3. Mental – work usually provides much of the mental/intellectual stimulation we get in our daily lives. What do you do when this goes away? Do you have a hobby to keep your mind active? Just relaxing, watching TV or surfing the internet is probably not going to be enough. Even if your work was very physical, and not mental, what do you do as you age and your ability to engage in physical activities goes away? Often this can be combined with #2. There are many ways to fulfill this need like volunteering and in today’s tech world many remote possibilities enabled by the internet. For me, my interest in investing fulfills this role. And I try to parlay this intellectual interest into helping me with my social and financial areas. On-line forums, blogs, social networks all help in this regard. I have seen many retirees struggle in this area. They find it hard to engage in new areas. It takes courage to leap into new things and a lot of experimentation.
 Only a couple of things I would add here.
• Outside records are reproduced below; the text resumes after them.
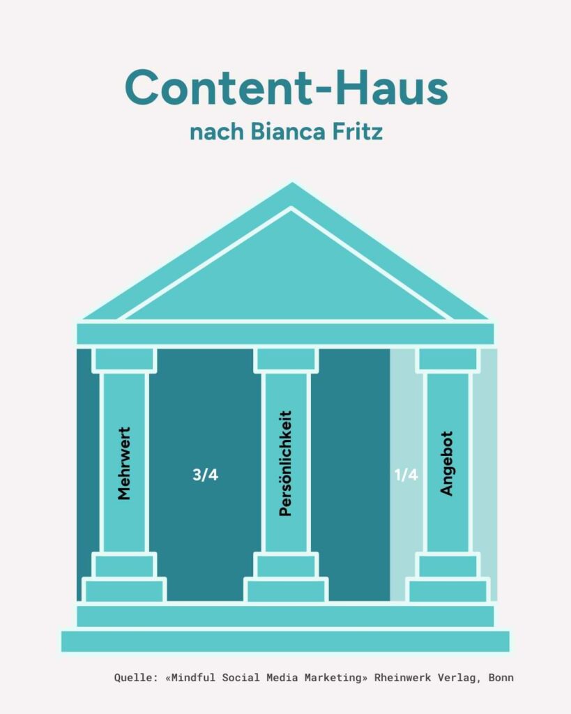 Bianca Fritz gibt in ihrem Buch «Mindful Social Media Marketing» die folgende Daumenregel aus: «Auf drei Portionen wertvolle Inhalte darf eine Portion Werbung für Deine Angebote kommen.»
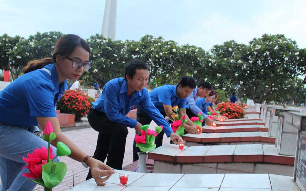 Thắp nến tri ân các anh hùng liệt sĩ. Ảnh: Hữu Bằng
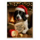 Humorous Christmas card featuring a black and white English springer spaniel dog reading 'The Cheese Tax at Home Regulations 2025' whilst trying to resist the urge to eat the cheese that someone's left on the table right in front of its nose!
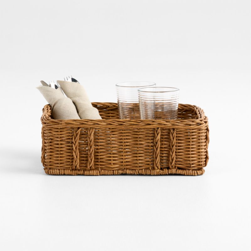 Our versatile Alford wicker collection now includes display-worthy storage options to keep all of your essentials corralled in style. Stained golden honey-brown, natural rattan is handwoven by skilled craftspeople into a low, wide basket perfectly sized for slippers by the front door or cutlery and condiments on an outdoor dining table. Cutout handles make the bin easy to tote, while braided accents emphasize the basket's artisanship and elevated organic beauty. Combine with our other woven Alford pieces for a new take on a timeless classic.
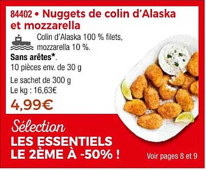 Vous cherchez un délicieu snack à déguster lors de vos dîners ou apéritifs ? Les nuggets de colin d'Alaska et mozzarella sont la solution parfaite ! Non seulement ils sont savoureux, mais ils sont aussi faciles à préparer. Profitez de cette offre exceptionnelle valable du 20 mars au 10 avril 2025 pour découvrir cette délicatesse dans votre assiette.
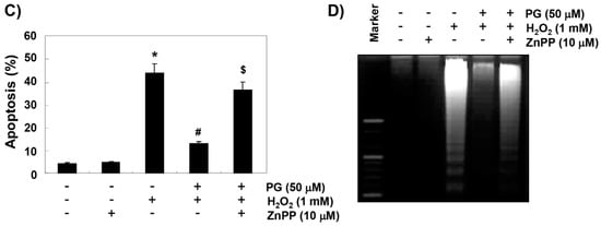 The inhibitory effects of PG against H2O2-induced apoptosis in HaCaT cells. Cells were pretreated with 50 µM PG and/or 10 µM ZnPP for 1 h, and then stimulated with or without 1 mM H2O2 for 24 h. (A) The cells were fixed and stained with 4,6-diamidino-2-phenylindole (DAPI) solution. The stained nuclei are pictured under fluorescence microscope (original magnification, ×400). Representative photographs are shown. (B) The cells were stained with fluorescein isothiocyanate (FITC)-conjugated Annexin V and propidium iodide (PI) for flow cytometry analysis. The percentages of apoptotic cells were determined by counting the percentage of Annexin V-positive cells. (C) Data are expressed as the mean ± SD of three independent experiments. Statistical significance analysis was carried out using Student’s t-test or ANOVA (* p < 0.05 compared with the control group, # p < 0.05 compared with the H2O2-treated group, & p < 0.05 compared with the PG- and H2O2-treated group). (D) DNA fragmentation was analyzed by extracting genomic DNA, electrophoresis in 1.5 % agarose gel, and then visualizing by ethidium bromide (EtBr) staining.

As an astute blog reader pointed out in my first post, sometimes you need to de-program before you can start enjoying retirement. Societal programming is a very powerful force and sometimes you need time to adapt to a slower more leisurely pace of life. Then you can start taking up new hobbies, or old ones, to keep that old nogging rocking. Investing still fulfills this role for me, even more so than 2 years ago. One thing that helped me was to go completely cold turkey from TV news, talking heads, etc…and that goes for most financial news media especially CNBC. Unlug, you’ll be happier. Surprisingly, technology has helped me stay informed, yet unplugged. My iPad, blogs, and twitter have been a huge boon in this regard.
 Well, 9 years after leaving the 9-5 grind and 5 years on the road I can confidently say that I am fully de-programmed. I guess the only change for me here has been that the move to more quantitative investing has given me more time to do other things like cook more, do more long term investment research and macro-economics study (yes, I like these things), read more literature, etc…All good.
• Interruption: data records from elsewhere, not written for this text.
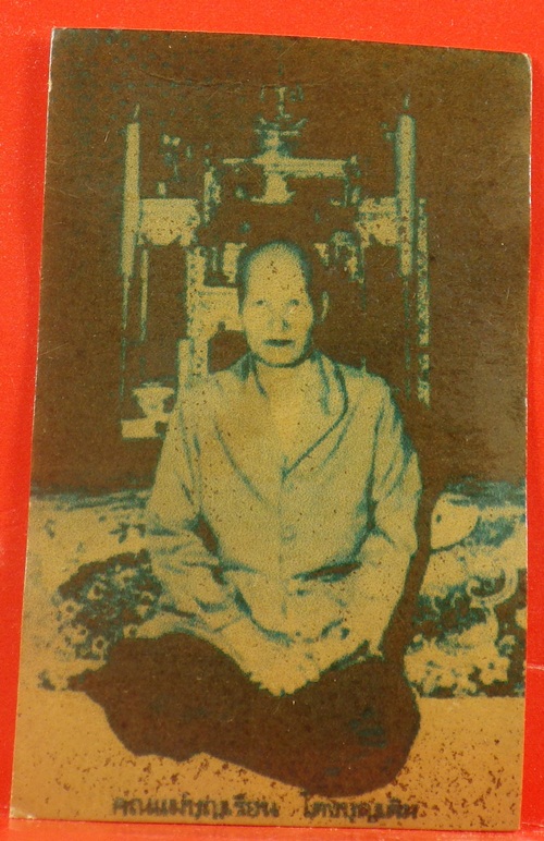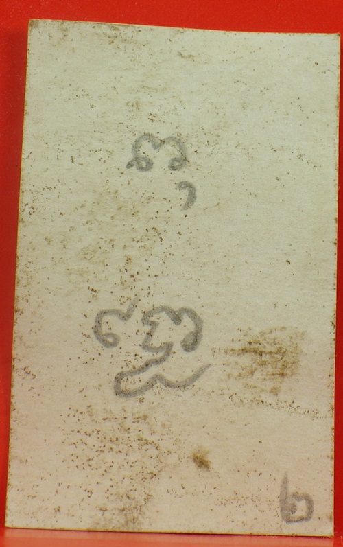 มีจาร คุณแม่บุญเรือน โตงบุญเติม ภาพเก่าอายุระหว่าง 2496 ถึง 2500 ต้นๆ ผ่านการอธิษฐานธรรมจากคุณแม่ มีจารอักขระขอมโบราณคำว่า พุทโธ สภาพถือว่ายังเยี่ยม สุดยอดหายาก เป็นที่ถวิลหาของลูกศิษย์ มีรอยจารมือคุณแม่ด้วยดินสอ เด่นด้านมหาโภคทรัพย์ มหาลาภ |
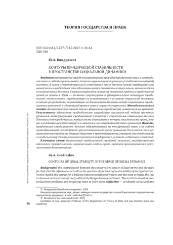 Введение: противоречие между консервативной природой юридических норм и необходимостью их гибкой корректировки актуализирует вопрос о границах устойчивости правовой системы. В связи с этим актуальным становится поиск баланса между традиционными ценностями и необходимостью адаптации права к динамичным социальным, экономическим и политическим вызовам. Статья направлена на анализ указанных проблем и предложение путей их решения. Цель - выявить структурные и функциональные «контуры» юридической стабильности, определяющие ее устойчивость в условиях социальной динамики, а также разработать рекомендации по достижению баланса между сохранением традиционных ценностей и адаптацией права к новым социальным реалиям. Методологическая основа: диалектический метод, анализ, формально-юридический, сравнительно-правовой.
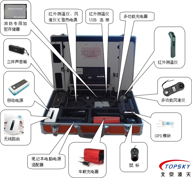 整套設(shè)備包括:筆記本電腦、紅外測(cè)溫儀、多功能風(fēng)速儀、GPS模塊、消防專用加密存儲(chǔ)器、立體聲音箱、無(wú)線路由器、電源系統(tǒng)、鼠標(biāo)、車載充電器、移動(dòng)電源、筆記本電腦適配器、便攜箱、防水迷彩袋;
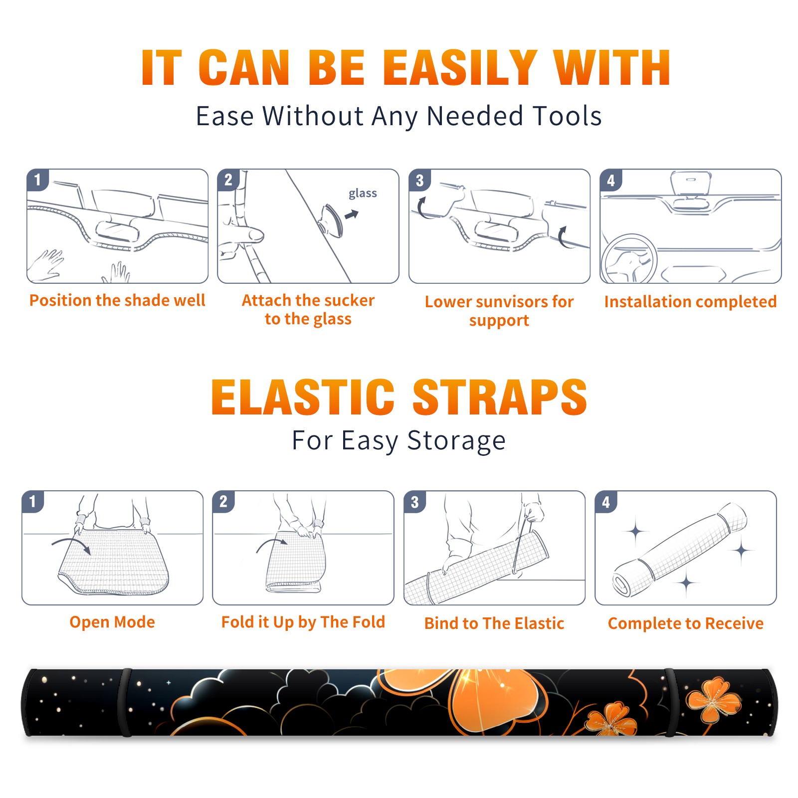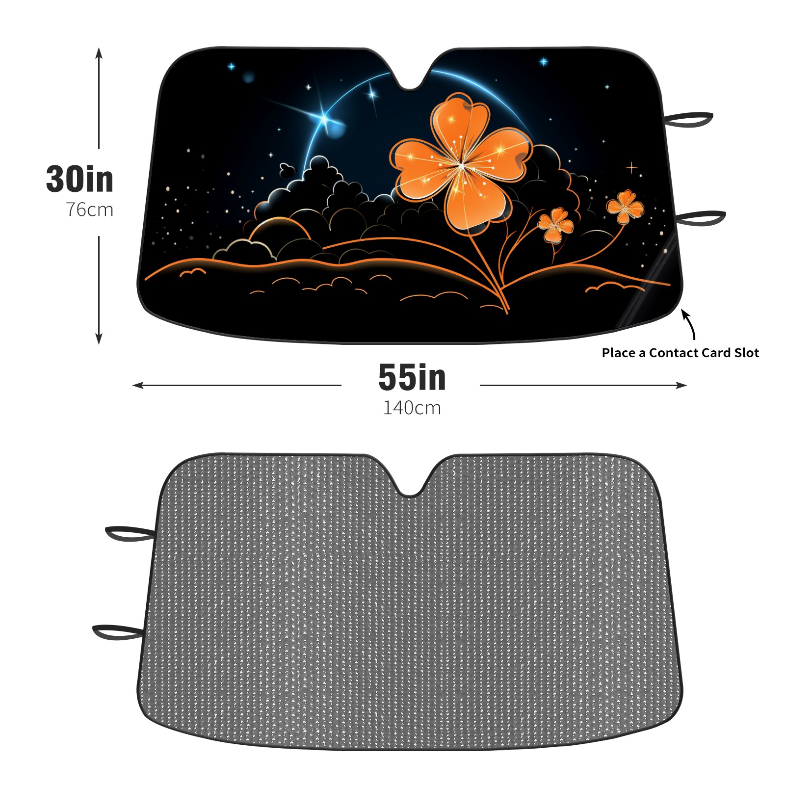 Diameter /Size 63"L x 33.5"W</b><br> Made from excellent materials which makes it sturdy and protects the car from the sun. Easy to use and pack. Makes the interior of the car cooler.You can easily stash the sunshade in the storage bag or store long term.It open and closes easy. Also the leather storage bag is durable and easy to put the umbrella back into.This windshield sunshade provides complete coverage and keeps your car interior cool under direct sun. It is easy to open and position under the windshield and around the rear-view mirror. Makes Your Car Easy To Identify, Perfect For Finding Your Car In Crowded Parking Lots And Garages.Great Choice: It Is A Great Gift For Dad, Boyfriend, Brother, Brother And Uncle, Friends, Classmates, Family And So On.<br> Notice:</b><br> Due To Difference Computer Monitors, The Color Maybe Slightly Different From Picture. As Different Measurement Methods, Measurement Data Will Float Within 2%.I Hope You Understand.<br> If You Have Any Question About The Item Please Do Not Hesitate To Contact Us Immediately And We Will Give You A Satisfactory Reply Within 24 Hours.

4. Physical/Health – I think being physically active helps in all areas of life but it certainly does impact your health. Also, in this age of expensive health care and insurance it is a key aspect of retirement especially as one ages. The healthier you are the less financial impact it will have on your retirement. The healthier you are the more you can do in retirement. So, I think its critical to have at least one physical activity/hobby that you love and engage in all the time. For my wife and I, its is hiking. We hike/walk 3-6 miles a day with our dog, without fail. We also are active in yoga, we run a bit, and do some strength training. Nutrition is a also big part of this for us.
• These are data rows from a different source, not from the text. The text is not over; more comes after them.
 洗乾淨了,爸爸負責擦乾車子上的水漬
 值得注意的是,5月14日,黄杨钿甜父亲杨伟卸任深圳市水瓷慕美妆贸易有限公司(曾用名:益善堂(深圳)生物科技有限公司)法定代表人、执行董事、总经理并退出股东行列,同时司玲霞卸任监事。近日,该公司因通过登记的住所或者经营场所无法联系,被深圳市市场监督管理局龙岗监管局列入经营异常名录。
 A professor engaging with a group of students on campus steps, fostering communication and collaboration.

 No changed here except maybe I think its even more important than I first thought. I would also add to beware of conventional wisdom in particular standard medical, pharmaceutical treatments and nutritional advice. My wife and I are happy and healthier than ever following primal/paleo lifestyle for the last 4 years.
 It’s just as important now as it was 2 years ago and it’s a big part of our life.
Retirement is not unlike any major transition in life. It takes time, patience, flexibility, and a little bit of effort. Pour all ingredients into a bowl, add an optimistic bright frame of mind and you have yourself a recipe for a happy and fulfilling retirement.